Is This the Answer to Hospital-Acquired Infections?

I have written quite a bit — probably far too much for the average person’s taste — about the poor state of hand hygiene in hospitals, and the resulting proliferation of bacterial infections. I often think I should shut up already about this problem. After all, it’s been 10 years since the Institute of Medicine’s damning report “To Err Is Human.”
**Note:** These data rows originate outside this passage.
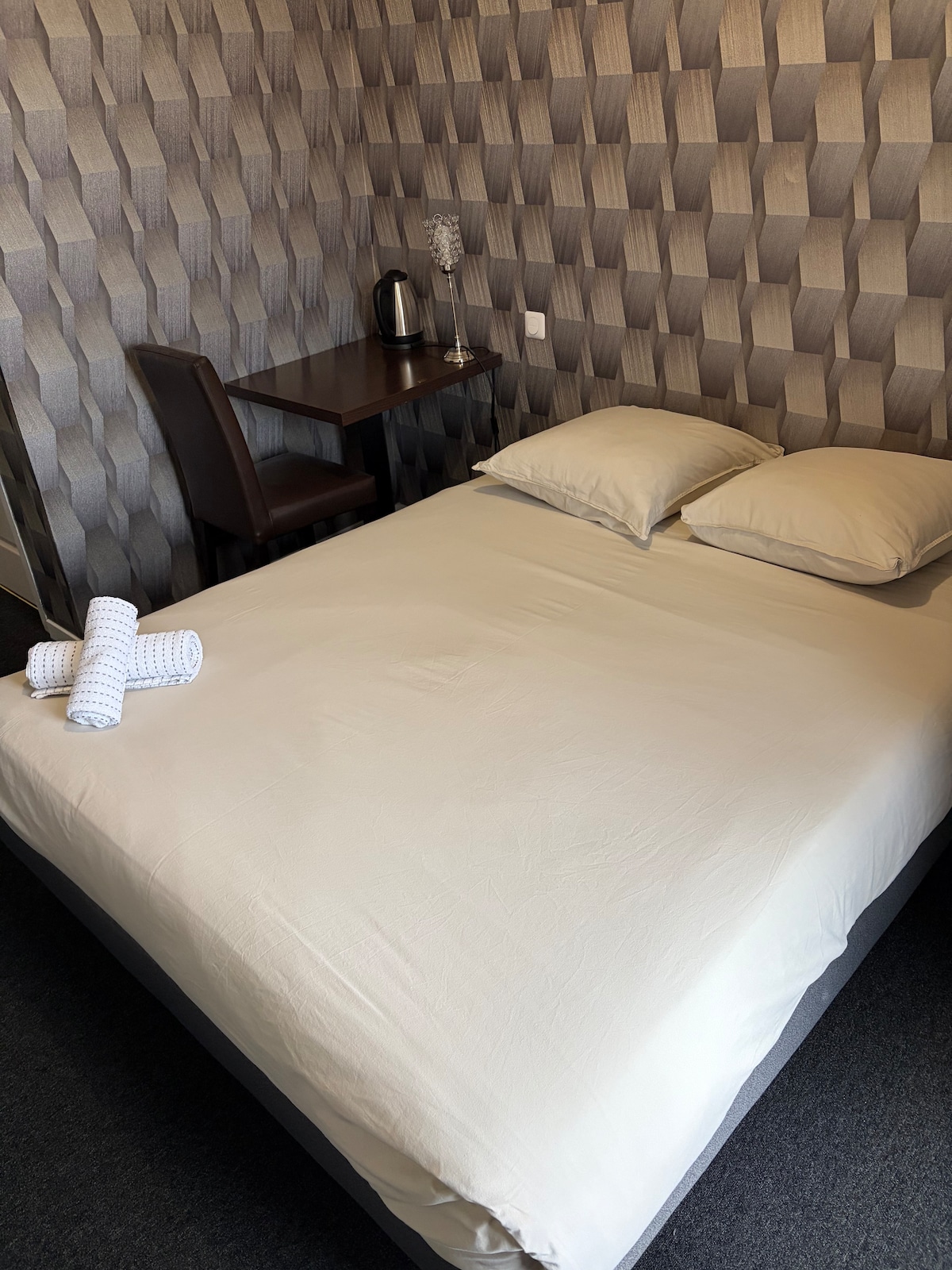This room offers a queen-size bed, private bathroom, desk, and sustainable toiletries. A compact yet comfortable setting designed to recharge and refresh. Airbnb guests have access to the roof top pool and various hotel amenities. City tax of 3.60 Euro/per night/per person will be charged at the hotel.
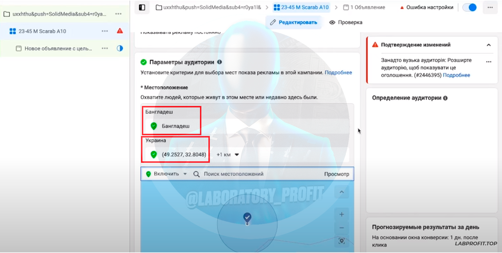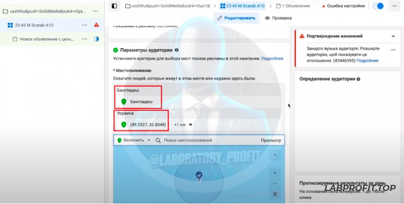 В пункте "Параметры аудитории" ставим ГЕО страны из который вы льете на ГЕО Бангладеш, потому что именно туда будет идти наша реклама.
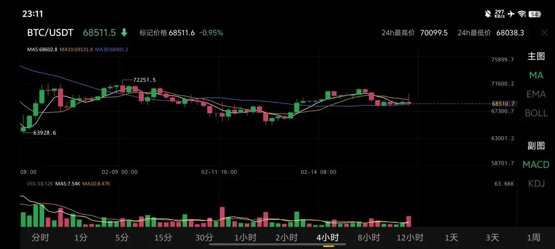 · 短期走势:当前价格68511.5 USDT,略高于5日均线(MA5: 68602.8),但承压于10日均线(MA10: 69131.4)。MA5与MA10形成死叉,显示短线反弹阻力较大。
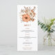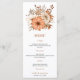 Menu de Casamento de Folhagem das Florestas de Cores d'Água do outono. Lindas flores de aquarela e folhagem em tons autóctones de castanho e creme, com um fundo teracotta marrom no fundo. A tipografia está em na moda e facilmente personalizada para seus próprios detalhes.

Well, after taking at look at the latest National Healthcare Quality Report, I think I won’t be shutting up any time soon. Despite a lot of effort and innovation, despite a wise checklist approach, the problem doesn’t seem to be getting better:

Infections acquired during hospital care, also known as nosocomial infections, are one of the most serious patient safety concerns. It is unfortunate that HAI [hospital-acquired infection] rates are not declining. Of all the measures in the NHQR measure set, the one worsening at the fastest rate is postoperative sepsis (Table H.3). The two process measures related to HAIs tracked in the NHQR, both covering timely receipt of prophylactic antibiotics for surgery, are improving steadily. However, HAI outcome measures are lagging; only one shows improvement over time while three are worsening and one shows no change. This may, in part, reflect improving detection of HAI’s.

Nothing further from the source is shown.